Una defensa alternativa del turismo (sí, también el masivo)

El turismo no ha estropeado el ecosistema —economosistema— que teníamos antes. La alternativa no es entre una mercería y una bicicletería, es entre la bicicletería y un local cerrado

Foto: Turistas en Essaouira. (EFE/Jalal Morchidi)
Turistas en Essaouira. (EFE/Jalal Morchidi)

"Canarias tiene un límite". "Mallorca no se vende". Por primera vez, el malestar generado por un turismo cada año más masivo se condensa en marchas organizadas en las regiones más turísticas de España. Algún día tenía que ocurrir, porque si bien el universo es infinito, la playa no. Ni el parque de la vivienda.

El precio de los pisos ha sido uno de los principales argumentos en las marchas que protestan contra la expansión del turismo sin control. Pero no es el único. Debajo de los argumentos económicos subyace un profundo y ya largo malestar por sentirse casi minoría en la propia tierra. O sin el casi. Baleares tiene 1,2 millones de habitantes. Y 14 millones de turistas al año. Hay zonas, dicen, donde ya no se puede hablar ni español, solo alemán o inglés.

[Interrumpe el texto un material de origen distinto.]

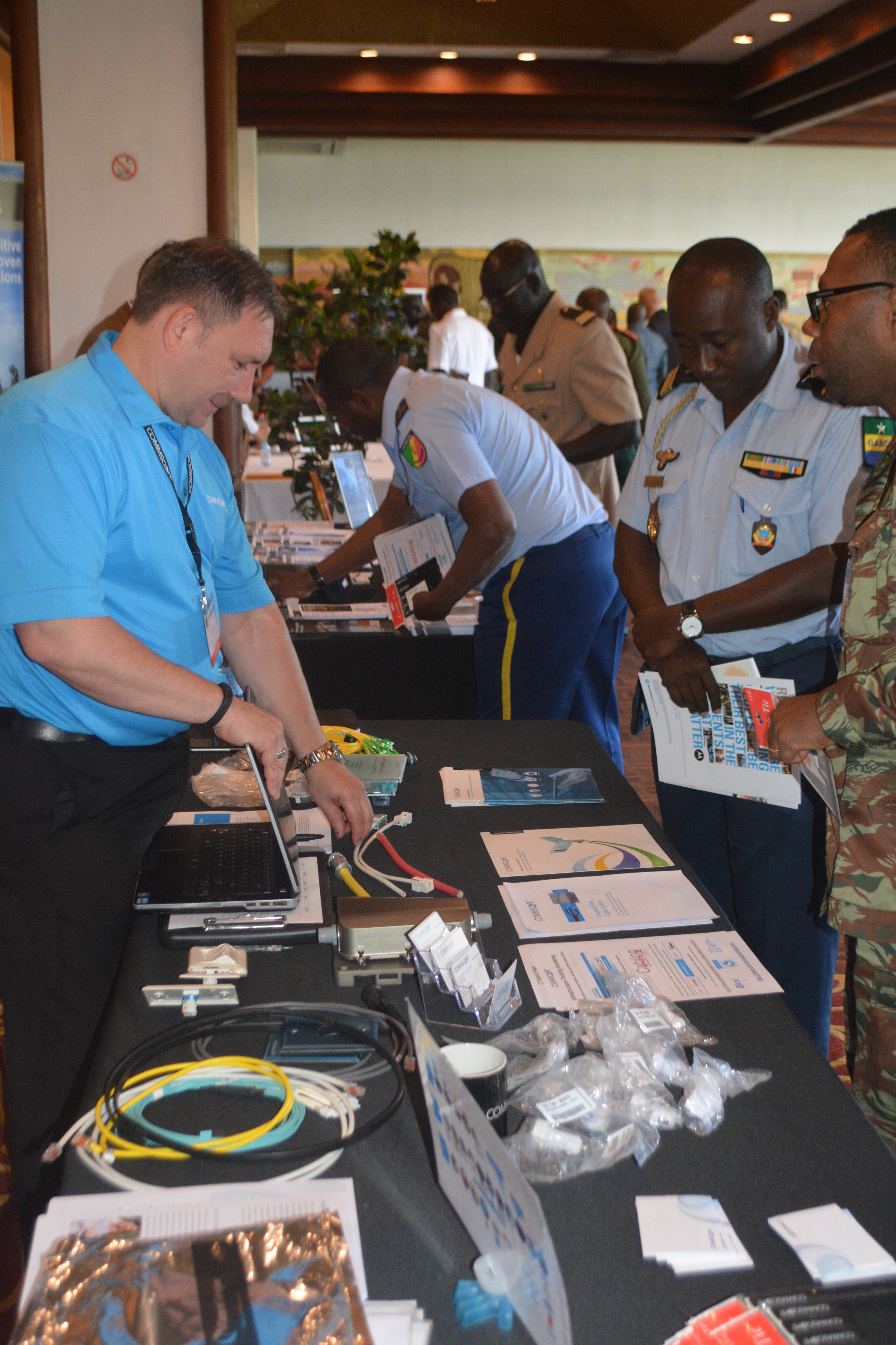 Africa Endeavor 16 participants listen to a technology expo representative talk about various Command, Control, Communications and Computer Systems (C4) solutions 18 Aug., 2016. AE16 is an annual U.S. Africa Command sponsored training and information sharing effort to help develop African multi-national communication interoperability for African Union and United Nations mandated peacekeeping and disaster response in Africa. Over 40 African nations participated in this year's events

No es solo Baleares. Tengo una amiga que vive en el centro de Madrid, a dos pasos de la Puerta del Sol. Por su calle pasan todos los días del año hordas de turistas, un flujo interminable, con guías, sin guías, en patinetes, en esas cosas rodantes que parecen manillares sobre bolas. En su calle ya solo hay bares, restaurantes, negocios de alquiler de patinete, de bicicletas y tiendas de suvenires con dibujos de señoras en traje flamenco y toreros. Los odia. Ellos le están robando Madrid, porque Madrid ya no es la ciudad que era, ahora es un parque temático.

Mi amiga tiene toda la razón. Yo también odio a los turistas. Desde mi infancia en Marruecos. Esa gente rara que gasta dinero a espuertas, dispara los precios de todo, distorsiona las formas de relacionarse, no entiende nada. Lo peor que me podía pasar de adolescente es que me confundieran con un turista. Los turistas lo estropeaban todo.

He cambiado de idea, porque un día me pregunté qué haría la tierra de mi infancia sin ellos.

Construida sobre un arrecife entre arenales, Essaouira no tiene nada de qué vivir desde que dejó de ser puerto de paso y punto de aduana para el comercio entre India e Inglaterra. La marroquinería no es una artesanía sostenible a gran escala: ovejas y cabras llevan siglos comiéndose el monte de Marruecos, acelerando la deforestación y desertificación, una vez talados los bosques que alimentaron en el pasado los astilleros locales. De los barcos de pesca que construyeron, muchos se van pudriendo en el muelle: no queda pescado. De esto, por supuesto, tienen la culpa los grandes arrastreros japoneses, rusos y españoles, pero si mi tierra pretendiera vivir únicamente del pescado, ellos mismos tampoco dejarían aleta de sardina.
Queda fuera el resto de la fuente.